Running a 3.7GB language model in a browser tab
Gemma 4 is 3.75GB. We run it in a browser tab. Here is how the stack works.
Open a browser tab. Load a page. Wait a minute or two. Now you have a 3.75GB language model running locally, generating text with no server, no API key, and no data leaving your device.
That sentence should feel slightly absurd. A year ago it would have been. But the stack that makes it possible is real, shipping, and surprisingly practical. Here is how every piece fits together.
The stack
Four layers make in-browser LLM inference work.
Transformers.js is the application layer. It is a JavaScript port of Hugging Face's Transformers library. It handles tokenisation, model loading, the generate loop, and the pipeline API. You point it at a model, give it a prompt, and it returns tokens. Under the hood, it delegates all the heavy linear algebra to the layer below.

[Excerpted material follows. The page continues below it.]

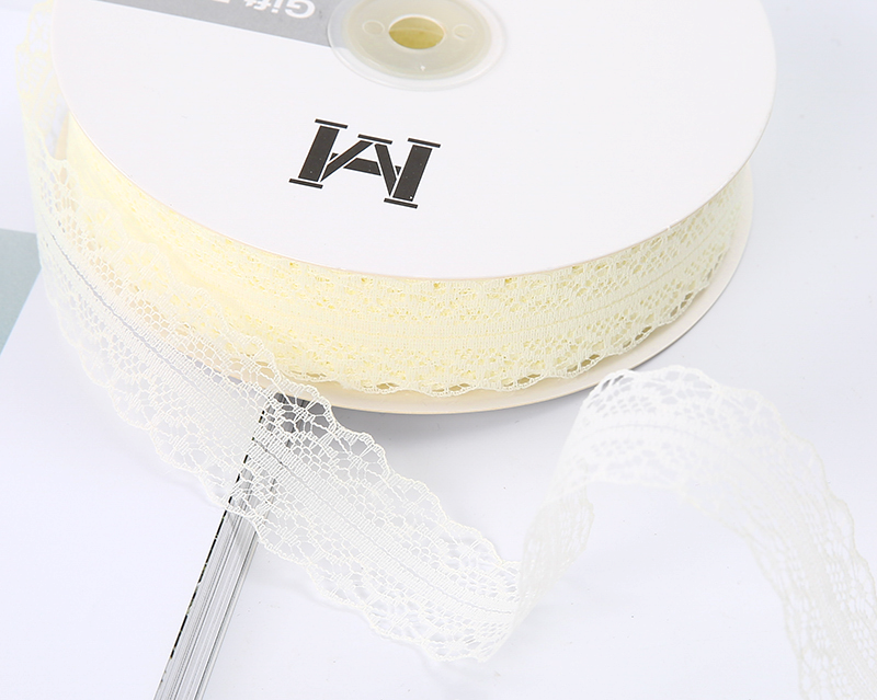 Лента декоративная “Тонкое кружево” полиэстр, 30мм*50ярд, шампань

ONNX Runtime Web is the inference engine. ONNX (Open Neural Network Exchange) is a standard format for representing neural network graphs. ONNX Runtime executes those graphs. The "Web" build compiles ONNX Runtime's C++ core to WebAssembly and also provides a WebGPU execution provider. It handles operator dispatch, memory allocation, and the actual matrix multiplications that make a language model produce text.
WebGPU is the hardware acceleration layer. It gives JavaScript access to the GPU through a modern, low-level API. When ONNX Runtime uses the WebGPU backend, tensor operations run as compute shaders on the GPU instead of as WASM instructions on the CPU. This is where the real speed comes from.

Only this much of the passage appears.